[Start of Attachment]
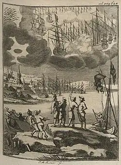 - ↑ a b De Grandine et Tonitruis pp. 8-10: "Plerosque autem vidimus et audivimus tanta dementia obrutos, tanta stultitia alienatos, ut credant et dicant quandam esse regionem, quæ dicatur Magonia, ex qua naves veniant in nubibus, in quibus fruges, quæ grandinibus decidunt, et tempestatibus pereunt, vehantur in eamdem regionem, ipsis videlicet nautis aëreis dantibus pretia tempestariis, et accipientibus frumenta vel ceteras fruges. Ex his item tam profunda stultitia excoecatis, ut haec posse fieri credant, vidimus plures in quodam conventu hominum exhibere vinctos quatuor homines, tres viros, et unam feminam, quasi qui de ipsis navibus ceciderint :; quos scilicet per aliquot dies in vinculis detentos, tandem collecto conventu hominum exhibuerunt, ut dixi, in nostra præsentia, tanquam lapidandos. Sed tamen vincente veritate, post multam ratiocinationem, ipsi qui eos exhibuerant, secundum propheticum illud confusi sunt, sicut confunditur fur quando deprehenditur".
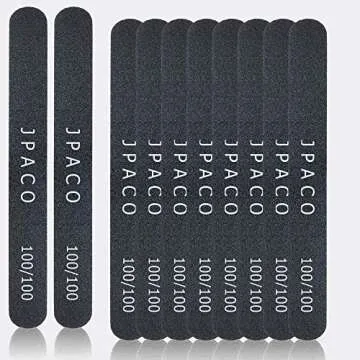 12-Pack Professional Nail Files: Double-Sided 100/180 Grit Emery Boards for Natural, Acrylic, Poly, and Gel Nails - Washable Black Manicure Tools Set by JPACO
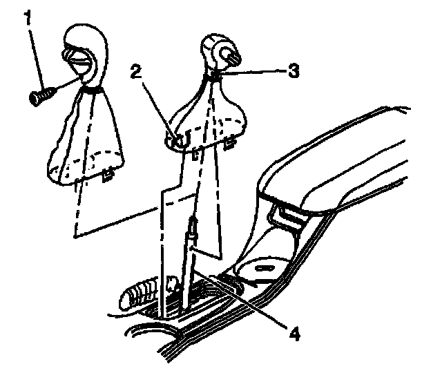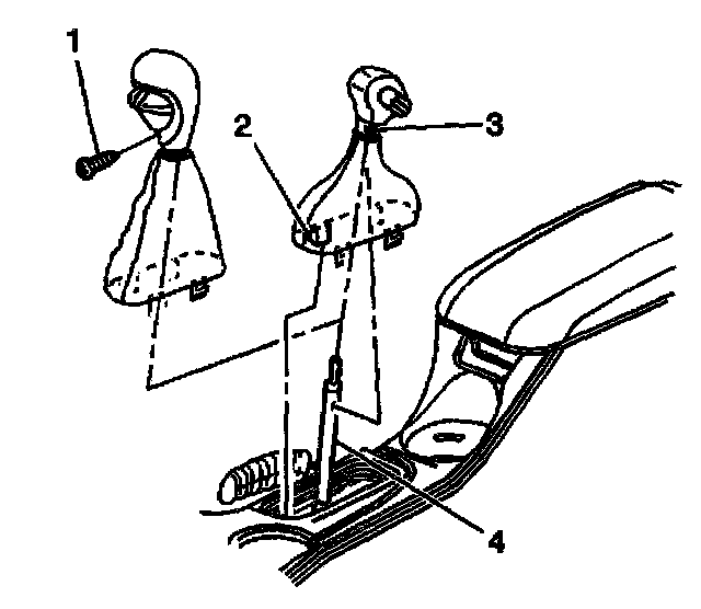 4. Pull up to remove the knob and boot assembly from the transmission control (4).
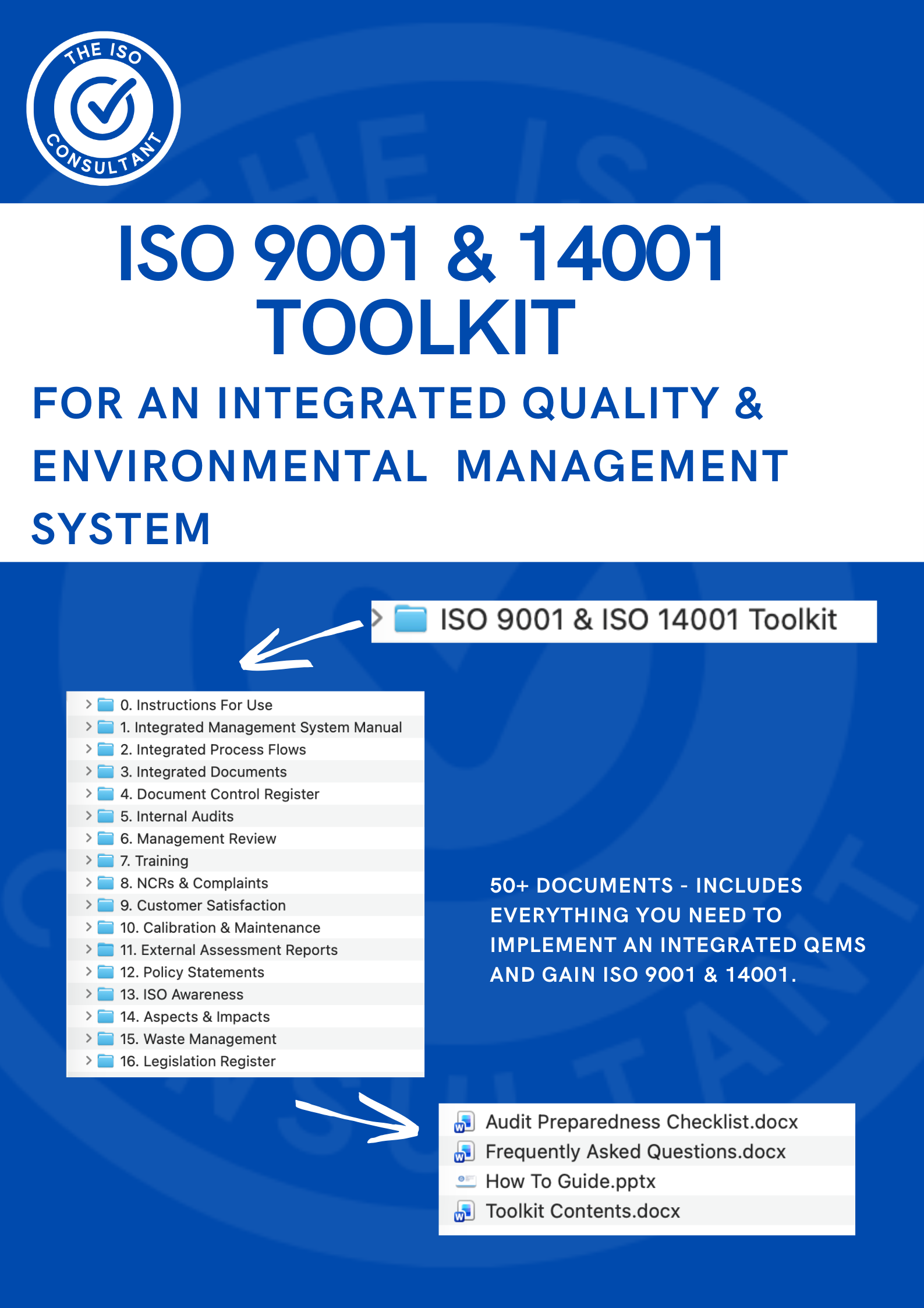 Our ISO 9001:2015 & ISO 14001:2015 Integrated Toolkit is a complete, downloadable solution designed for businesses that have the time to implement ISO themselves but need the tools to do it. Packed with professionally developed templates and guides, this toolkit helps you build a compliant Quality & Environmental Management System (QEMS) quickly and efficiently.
[End of Attachment]
> _The task_: When copying the data above, repeat every word exactly and drop the pictures.

> _Result for this task_:
 - ↑ a b De Grandine et Tonitruis pp. 8-10: "Plerosque autem vidimus et audivimus tanta dementia obrutos, tanta stultitia alienatos, ut credant et dicant quandam esse regionem, quæ dicatur Magonia, ex qua naves veniant in nubibus, in quibus fruges, quæ grandinibus decidunt, et tempestatibus pereunt, vehantur in eamdem regionem, ipsis videlicet nautis aëreis dantibus pretia tempestariis, et accipientibus frumenta vel ceteras fruges. Ex his item tam profunda stultitia excoecatis, ut haec posse fieri credant, vidimus plures in quodam conventu hominum exhibere vinctos quatuor homines, tres viros, et unam feminam, quasi qui de ipsis navibus ceciderint :; quos scilicet per aliquot dies in vinculis detentos, tandem collecto conventu hominum exhibuerunt, ut dixi, in nostra præsentia, tanquam lapidandos. Sed tamen vincente veritate, post multam ratiocinationem, ipsi qui eos exhibuerant, secundum propheticum illud confusi sunt, sicut confunditur fur quando deprehenditur".
 12-Pack Professional Nail Files: Double-Sided 100/180 Grit Emery Boards for Natural, Acrylic, Poly, and Gel Nails - Washable Black Manicure Tools Set by JPACO
 4. Pull up to remove the knob and boot assembly from the transmission control (4).
 Our ISO 9001:2015 & ISO 14001:2015 Integrated Toolkit is a complete, downloadable solution designed for businesses that have the time to implement ISO themselves but need the tools to do it. Packed with professionally developed templates and guides, this toolkit helps you build a compliant Quality & Environmental Management System (QEMS) quickly and efficiently.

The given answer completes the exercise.